Trabants, Italians and DDR-Day One & Two

Arriving after a 14 hour drive we were greeted by a leather clad Dominico-an Italian from the mountains in the middle of Italy, but now living in Colonge.  He told me immediately that I had not answered to his facebook greeting because I'd seen his photo and thought "$%!* off"! Surprised, since I had replied with great curteousy, I realised very quickly here was someone who was used to the rougher side of life and expected that on a daily basis.  I was told later over wine, pasta and southern Italian songs about his bar that was right next to a nunnery that were fortunate enough to have a wild risqué display every evening on their security cameras.  Even later in the artsy Kreuzberg district, I was told about an insident outside the Colonge embassy not too long ago. Beginning to realise why this man is an essential componant in the making of this DDR documentary, I saw how reactionary people can get once placed so near to such tight control--of any kind, be it religious, state or domestic.

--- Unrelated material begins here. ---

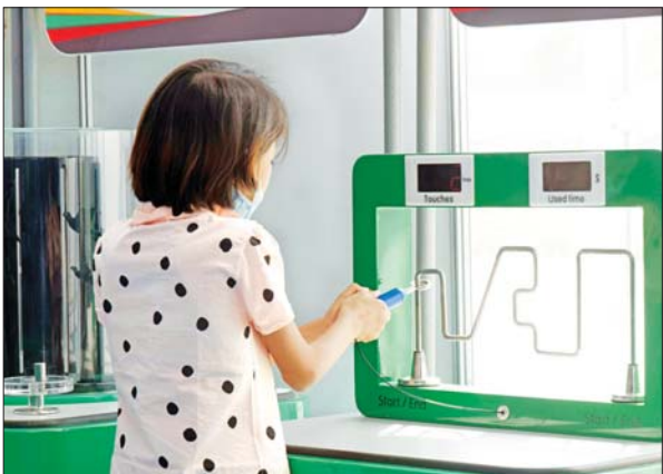
ပညာရေးဝန်ကြီးဌာနပြခန်း၌ ကျောင်းသူတစ်ဦး၏ စိတ်ဝင်တစား လက်တွေ့ပါဝင်ကစားနေစဉ်။

   On the way to Berlin we had stopped at the Deutsche grenze in the countryside.  Some of the iron curtain had remained in tact and had been preserved as an open air museum.  We walked inside the iron and concrete border to find pathways that were like those trapping an animal.  Many victims having successfully escaped over the first wall, were then faced with a fatal surprising and sometimes slow end.  Later the next day at the Mauer Denkmal Ruggero, my north Italian colleague who had already been shooting for a month in Berlin told me about the death of one victim who had been shot but not killed.  He would have lived if aid from either the west or east side had come.  Instead he lay trapped inbetween both sides in the grenze and bled to death.